The most noticeable result, though, is in the relatedness WS dataset, in which FT_kb performs at baseline. Note that the baseline txt-based embeddings are supposed to have a better performance in WS due to their superior capacity for capturing relatedness relations, so we expect them to obtain better results than the FT_kb measurement. However, the incorporation of gloss relations (which are relatedness relations) when creating the wordnet-based corpora may have enhanced the capability of FT_kb embeddings to measure relatedness.

• FT_hyb embeddings: comparing the results of FT_txt, FT_kb, and FT_hyb embeddings, we find that the combination of the first two into the latter enhances their performance in similarity tasks for both languages across all datasets. FT_hyb also outperforms the baseline in all datasets, with only exception of RG in Spanish, likely due to its small size, as mentioned above.

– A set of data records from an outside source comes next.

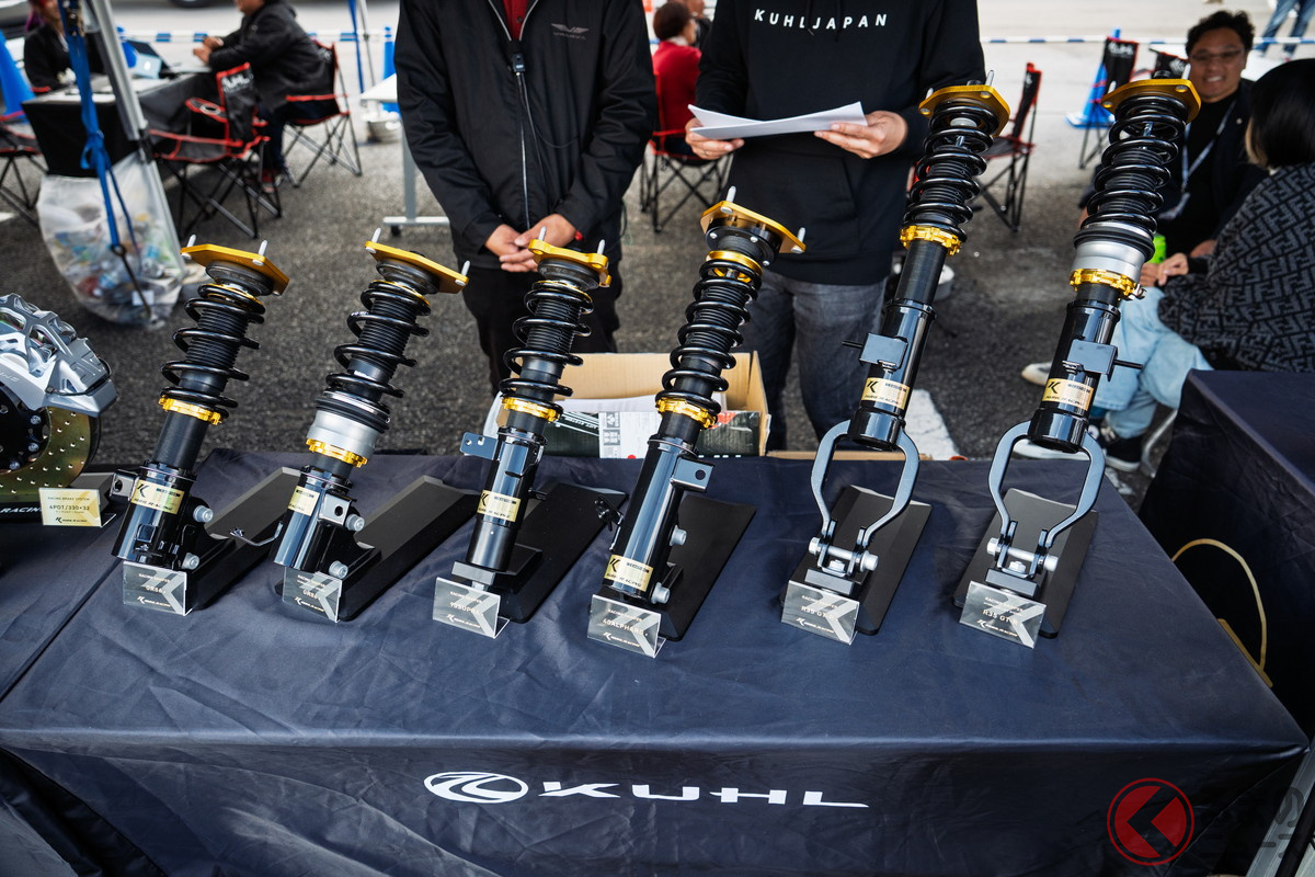 カスタマイズパーツ販売などを手がける「KUHL(クール)」グループが冠スポンサーを務めるイベント「KUHL RACING presents 2025年D1グランプリシリーズ 第9戦&第10戦 in お台場」が、2025年11月15~16日に開催されました。ドリフト競技の傍らで、オリジナルの車高調キットの展示・販売や、それらのアイテム類を装着したコンプリートカーなどを展示する「KUHLミーティング」も行われました。
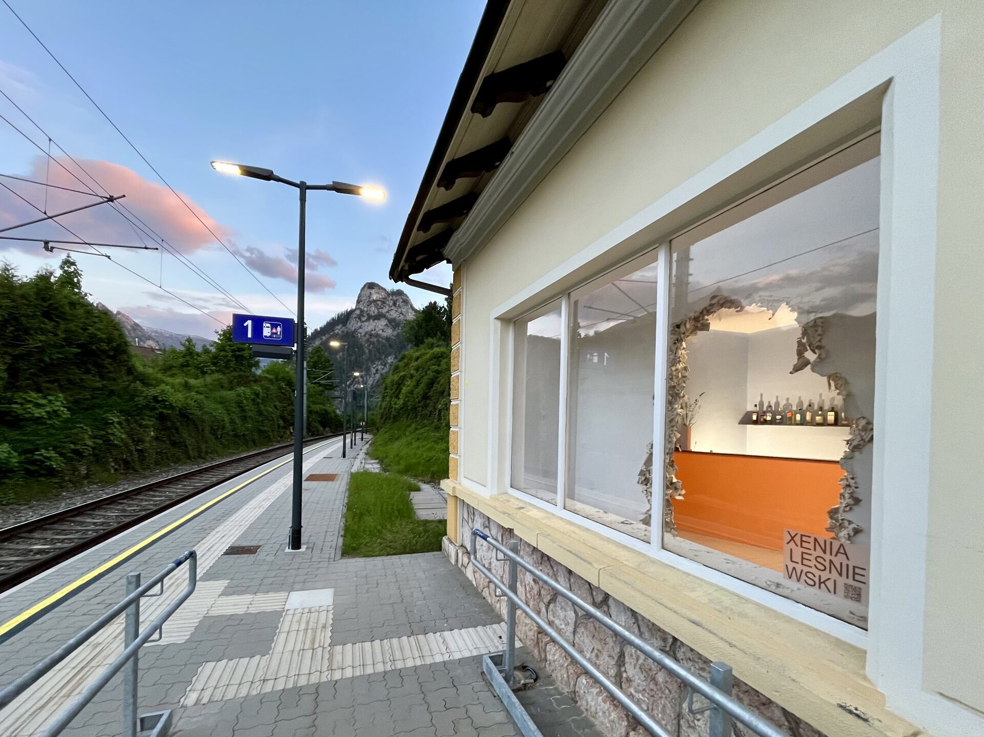 The railway station "Traunkirchen Ort", remote from the actual town of Traunkirchen, serves as a backdrop and performance space for the artist Xenia Lesniewski and her doomsday bar "APOCALYPSO".
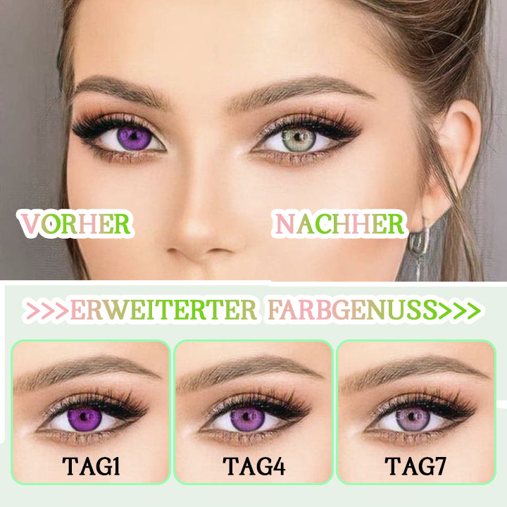 قل وداعًا للانزعاج الذي تسببه العدسات اللاصقة واستمتع بتجربة تأثيرات الألوان السحرية المتغيرة لـ Biancat™ HueShift! خلال ساعتين فقط، سوف تزدهر عيناك بلون جديد يدوم لمدة 5-7 أيام.
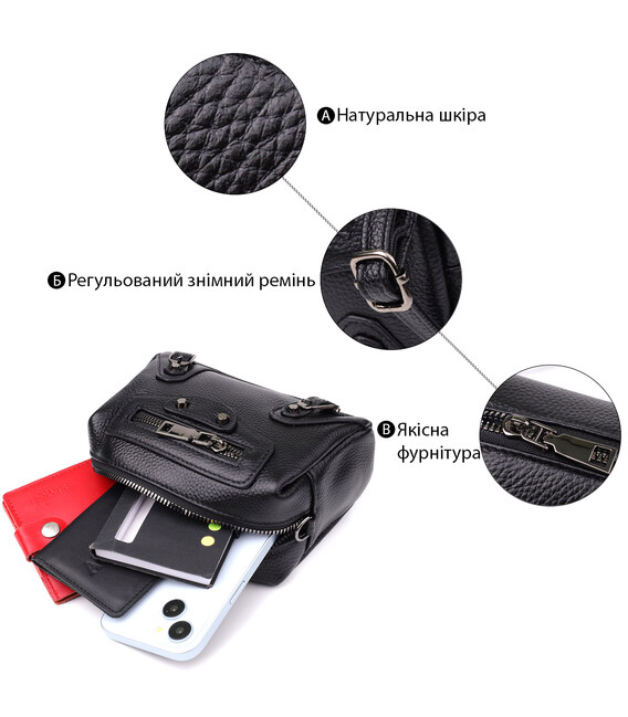 Детальніше Модна жіноча сумка з натуральної шкіри з актуальним декором Vintage 22922 Чорний
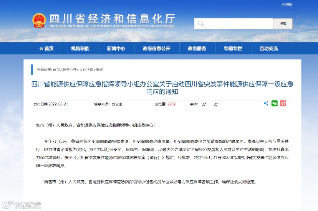 8月21日,四川省能源供应保障应急指挥领导小组办公室发布通知,于21日零时启动四川省突发事件能源供应保障一级应急响应。这是2022年1月省政府办公厅印发《四川省突发事件能源供应保障应急预案(试行)》以来,四川首次启动最高级别的应急响应(从高到低分别为一级、二级、三级、四级响应)。
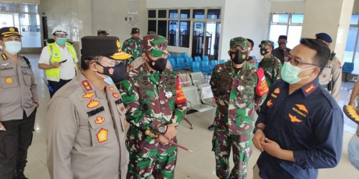 MANOKWARI, PapuaStar.com – Pangdam XVIII/Kasuari, Mayjen TNI I Nyoman Cantiasa, Kapolda Papua Barat Irjen Pol Tornagogo Sihombing bersama Gubernur Provinsi Papua Barat, Dominggus Mandacan, melakukan peninjauan penerapan protokol kesehatan (Prokes) di Bandara Rendani dan Pelabuhan Manokwari, Kabupaten Manokwari, Provinsi Papua Barat, Selasa (29/06/2021).
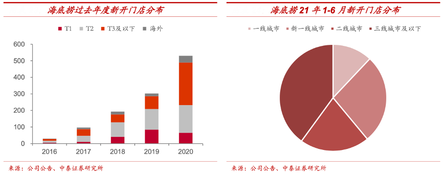經(jīng)典案例:根據(jù)公司公告、中泰證券研究所等綜合資訊表明,2020年之前,三 線城市海底撈門(mén)店只有不到 200 家。近年來(lái),海底撈開(kāi)始發(fā)力下沉市場(chǎng),2021H1,海底撈在一、二、三線城市新開(kāi)的門(mén)店數(shù)量分別為 75 家、204 家和 344 家,在三線新開(kāi)的門(mén)店數(shù)量超過(guò)在一、二線城市新開(kāi)門(mén)店數(shù)量的總和。門(mén)店下沉可以有效控制門(mén)店租金、人工壓力,與此同時(shí),發(fā)力下沉市場(chǎng)也可緩解核心市場(chǎng)開(kāi)店壓力。

In general, the three types of embeddings in this work have performed as expected with FT_hyb embeddings offering the best overall results. The quality of the embeddings in the Basque language has proven to be the best to date. Note that the excellence of the embeddings is critical in this work, as they are used to create the three semantic similarity measurements that constitute the core features of the dataset. Overall, all embeddings created in this work were deemed suitable for inclusion in the final dataset.

5.3 Similarity measurement distribution

We also analyzed the similarity measurement values' distribution across the tree types of embeddings. Table 7 shows the percentages of semantic similarity values for all possible noun pairs classified along five different ranks. Only nouns with the three types of embeddings that match all four linguistic features are considered. The percentages presented in Table 7 show a bias toward lower-ranked similarity values for all types of embeddings in both Basque and Spanish. This is even more evident in the wordnet embeddings.

Table 7

Table 7. Percentages of word similarity values in the Basque and Spanish dataset across five ranges and three types of embeddings; text (FT_txt), wordnet (FT_kb), and hybrid (FT_hyb).

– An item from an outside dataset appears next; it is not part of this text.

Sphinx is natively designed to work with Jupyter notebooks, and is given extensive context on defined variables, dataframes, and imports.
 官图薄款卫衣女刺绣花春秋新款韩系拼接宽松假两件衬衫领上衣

This phenomenon was already pointed out in a cross-lingual setting by Lample and Conneau (2019). The authors observed that fasText based embeddings' cosine similarity mean value was considerably lower than that achieved by XLM (Lample and Conneau, 2019), a large cross-lingual language model. The authors suggested that the distinctive magnitude of the mean cosine similarity based on fasText and XLM relies on the vector space of the language model, which is more compact in XLM due to its training in a sentence encoder. This phenomenon only shows that the non-contextual embeddings like fasText or word2vec are sparser than the language model ones. As the results in Table 6 demonstrate, the different organization of the lexicon in the vector spaces does not affect the performance of the embeddings in the word similarity task.

5.4 Final datasets' sizes

Finally, we indicated the number of nouns which fulfill the conditions defined in Section 4.2.4, that is, the size of the final similarity datasets for Basque and Spanish. The first condition defined in Section 4.2.4 filters the pairs of nouns without the three types of embeddings. The Spanish wordnet contains a high number of multiword expressions, and the multiword expressions are discharged from the dataset (see Section 4.2.1). The suppression of the latter leads to a lower overlap of text and wordnet embeddings and, therefore, a smaller amount of hybrid embeddings (see Table 3). The latter phenomenon limits severely the potential noun pairs for Spanish, as both nouns have to have all three types of embeddings. As a result, we obtained a Spanish dataset of 136,886 noun pairs and a Basque one with 996,514. Thus, the substantially higher number of pairs in Basque is only attributed to the different amounts of available nouns for each language, as Basque and English clusters seem to be similarly distributed thus not influencing the matching for creating noun pairs.

6 Conclusions

Psycholinguistic evidence supports the idea that the overlap of semantic features across concepts is crucial in the computation of semantic relations, and by extension, in semantic processing. A comprehensive work on NLP has shown that embeddings or vectors are a sensitive method for artificially computing similarities across concepts by accounting for a large number of semantic properties, which may be applied to different types of linguistic resources to uncover distinctive semantic relations. This work has aimed to bridge computational linguistics and psycholinguistics to automatically build a dataset of vectorised word similarity measures in Basque and Spanish.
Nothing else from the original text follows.